● EXERCISE
The material below holds pictures, which are to be left out; copy exactly the lines from the one with "The BWOO BO-P77 is" through the one with "Dies ist ein".

● DATASET
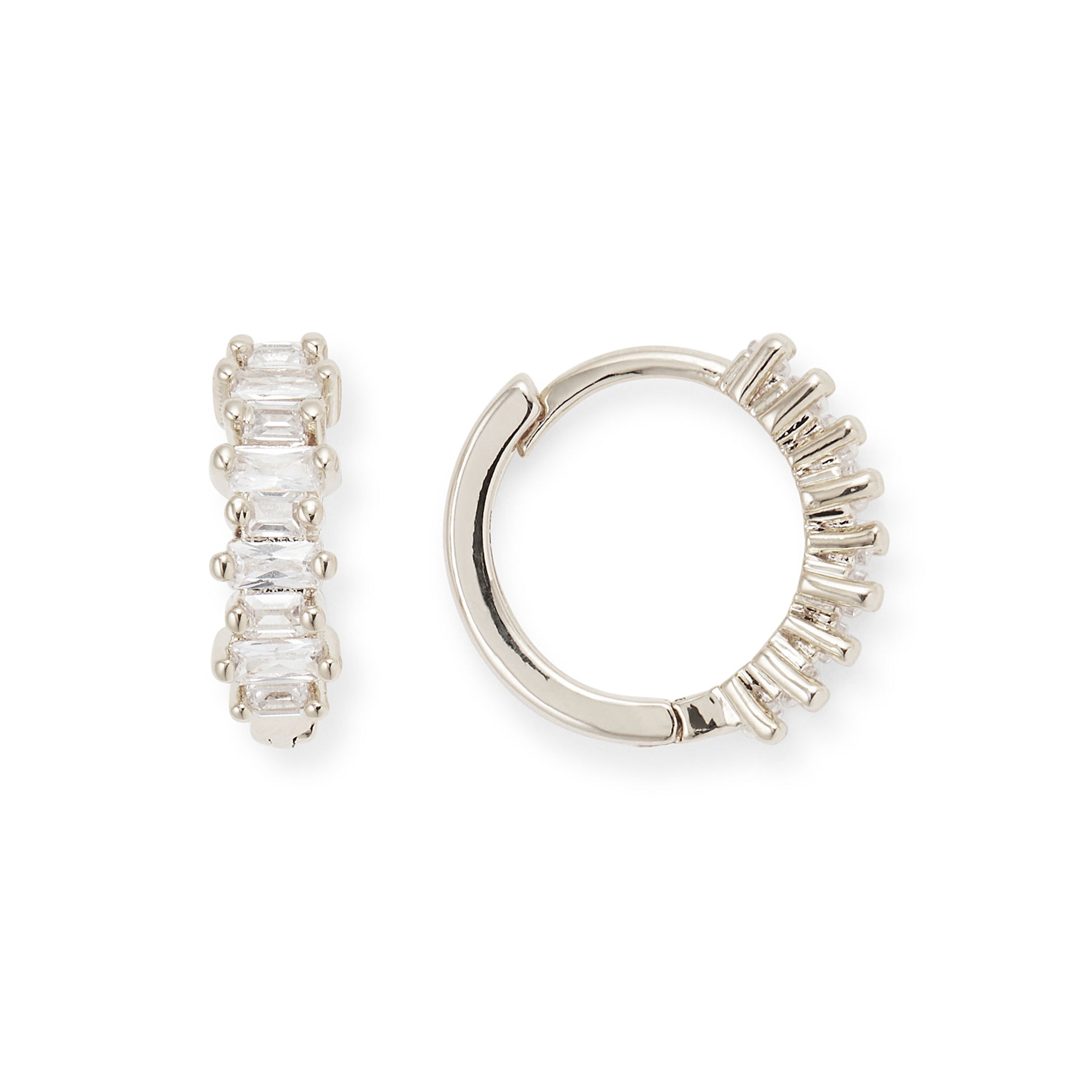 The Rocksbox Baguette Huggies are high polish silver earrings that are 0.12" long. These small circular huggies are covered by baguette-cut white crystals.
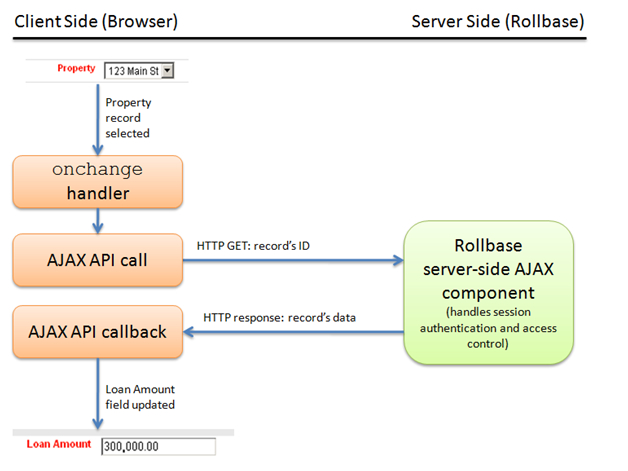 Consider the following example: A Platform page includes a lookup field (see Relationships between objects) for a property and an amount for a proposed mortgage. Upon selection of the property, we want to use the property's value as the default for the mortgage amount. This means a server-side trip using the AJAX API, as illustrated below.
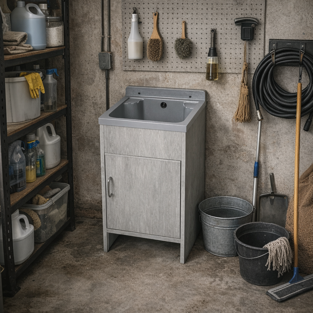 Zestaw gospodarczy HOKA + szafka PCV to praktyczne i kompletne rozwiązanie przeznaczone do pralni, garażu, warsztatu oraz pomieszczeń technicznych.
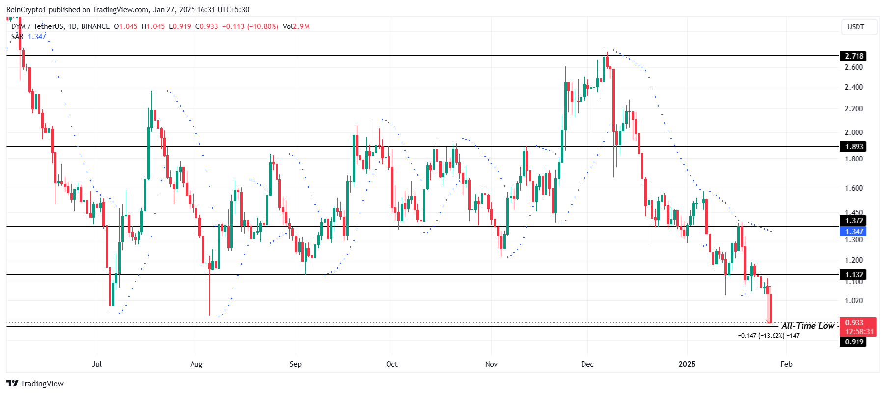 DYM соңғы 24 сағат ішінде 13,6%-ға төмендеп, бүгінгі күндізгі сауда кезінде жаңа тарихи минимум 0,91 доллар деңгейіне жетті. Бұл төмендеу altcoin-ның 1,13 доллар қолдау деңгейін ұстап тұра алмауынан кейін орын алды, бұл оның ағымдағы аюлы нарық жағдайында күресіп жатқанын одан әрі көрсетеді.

==

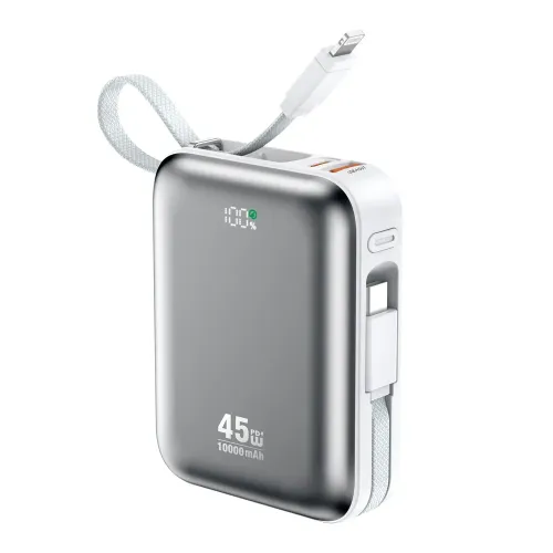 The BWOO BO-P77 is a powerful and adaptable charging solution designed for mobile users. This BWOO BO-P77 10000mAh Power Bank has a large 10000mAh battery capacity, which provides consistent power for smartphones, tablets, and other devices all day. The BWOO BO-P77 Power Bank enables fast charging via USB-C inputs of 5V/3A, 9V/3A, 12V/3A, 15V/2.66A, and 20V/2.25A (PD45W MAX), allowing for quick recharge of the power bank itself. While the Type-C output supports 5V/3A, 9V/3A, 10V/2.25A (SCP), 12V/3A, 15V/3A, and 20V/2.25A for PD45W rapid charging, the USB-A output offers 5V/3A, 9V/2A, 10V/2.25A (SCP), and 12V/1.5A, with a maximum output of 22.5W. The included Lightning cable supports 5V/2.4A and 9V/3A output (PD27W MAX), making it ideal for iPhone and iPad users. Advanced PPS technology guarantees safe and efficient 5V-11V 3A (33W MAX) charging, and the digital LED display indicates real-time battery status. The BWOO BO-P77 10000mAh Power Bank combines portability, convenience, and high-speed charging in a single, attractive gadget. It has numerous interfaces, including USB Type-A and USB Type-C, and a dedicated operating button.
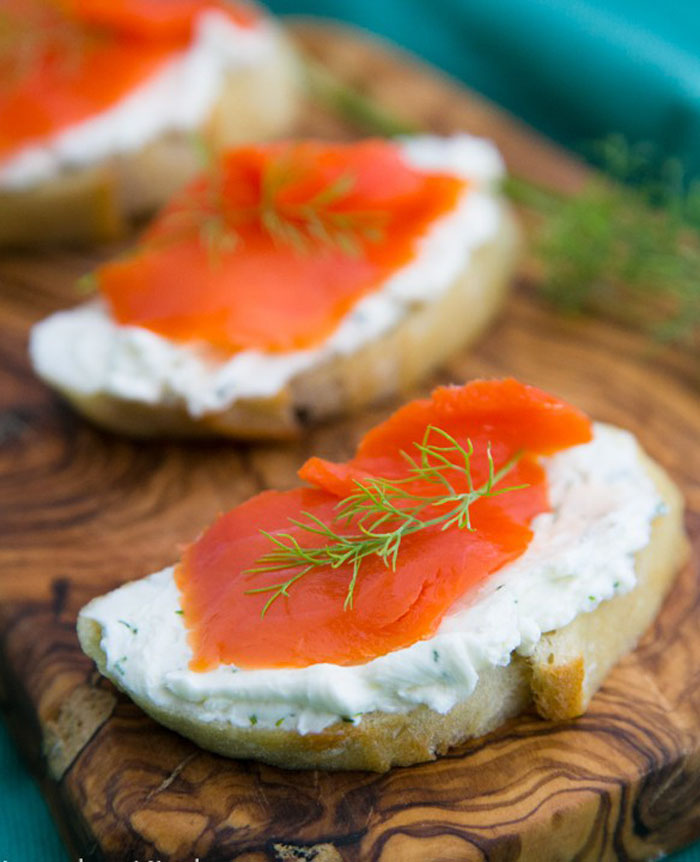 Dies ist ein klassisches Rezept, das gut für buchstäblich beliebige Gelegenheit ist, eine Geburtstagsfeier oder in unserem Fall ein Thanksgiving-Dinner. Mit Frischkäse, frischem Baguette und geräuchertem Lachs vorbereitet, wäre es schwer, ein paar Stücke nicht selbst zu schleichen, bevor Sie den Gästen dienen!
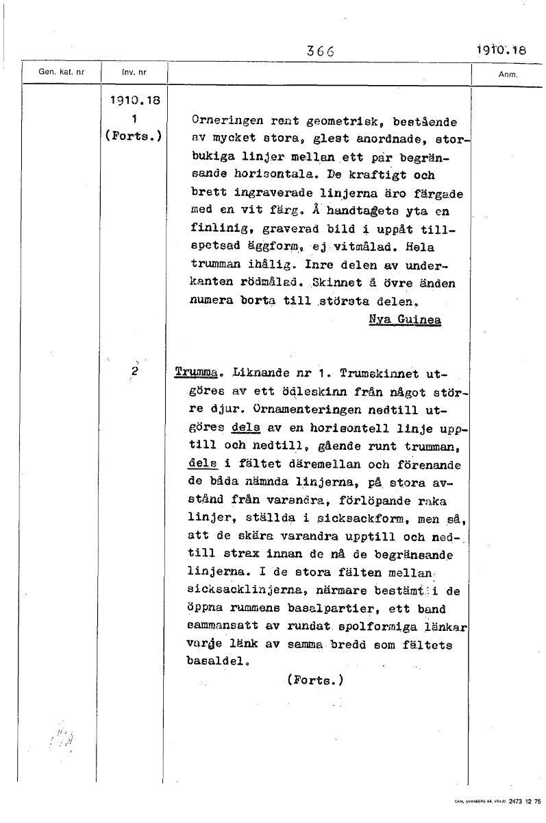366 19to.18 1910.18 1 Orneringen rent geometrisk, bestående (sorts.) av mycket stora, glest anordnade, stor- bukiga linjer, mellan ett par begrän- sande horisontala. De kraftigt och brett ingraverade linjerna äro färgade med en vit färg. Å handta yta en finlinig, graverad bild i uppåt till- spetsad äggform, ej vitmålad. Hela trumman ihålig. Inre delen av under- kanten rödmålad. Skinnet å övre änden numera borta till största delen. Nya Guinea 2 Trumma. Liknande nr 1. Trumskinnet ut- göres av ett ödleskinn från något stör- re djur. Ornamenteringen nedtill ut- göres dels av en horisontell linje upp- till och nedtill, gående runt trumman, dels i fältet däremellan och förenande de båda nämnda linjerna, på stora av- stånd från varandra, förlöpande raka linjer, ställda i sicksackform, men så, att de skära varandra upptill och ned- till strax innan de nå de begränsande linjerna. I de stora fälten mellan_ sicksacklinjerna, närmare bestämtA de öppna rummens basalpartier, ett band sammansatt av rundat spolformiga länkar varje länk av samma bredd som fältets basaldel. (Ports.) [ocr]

● EXERCISE RESPONSE
 The BWOO BO-P77 is a powerful and adaptable charging solution designed for mobile users. This BWOO BO-P77 10000mAh Power Bank has a large 10000mAh battery capacity, which provides consistent power for smartphones, tablets, and other devices all day. The BWOO BO-P77 Power Bank enables fast charging via USB-C inputs of 5V/3A, 9V/3A, 12V/3A, 15V/2.66A, and 20V/2.25A (PD45W MAX), allowing for quick recharge of the power bank itself. While the Type-C output supports 5V/3A, 9V/3A, 10V/2.25A (SCP), 12V/3A, 15V/3A, and 20V/2.25A for PD45W rapid charging, the USB-A output offers 5V/3A, 9V/2A, 10V/2.25A (SCP), and 12V/1.5A, with a maximum output of 22.5W. The included Lightning cable supports 5V/2.4A and 9V/3A output (PD27W MAX), making it ideal for iPhone and iPad users. Advanced PPS technology guarantees safe and efficient 5V-11V 3A (33W MAX) charging, and the digital LED display indicates real-time battery status. The BWOO BO-P77 10000mAh Power Bank combines portability, convenience, and high-speed charging in a single, attractive gadget. It has numerous interfaces, including USB Type-A and USB Type-C, and a dedicated operating button.
 Dies ist ein klassisches Rezept, das gut für buchstäblich beliebige Gelegenheit ist, eine Geburtstagsfeier oder in unserem Fall ein Thanksgiving-Dinner. Mit Frischkäse, frischem Baguette und geräuchertem Lachs vorbereitet, wäre es schwer, ein paar Stücke nicht selbst zu schleichen, bevor Sie den Gästen dienen!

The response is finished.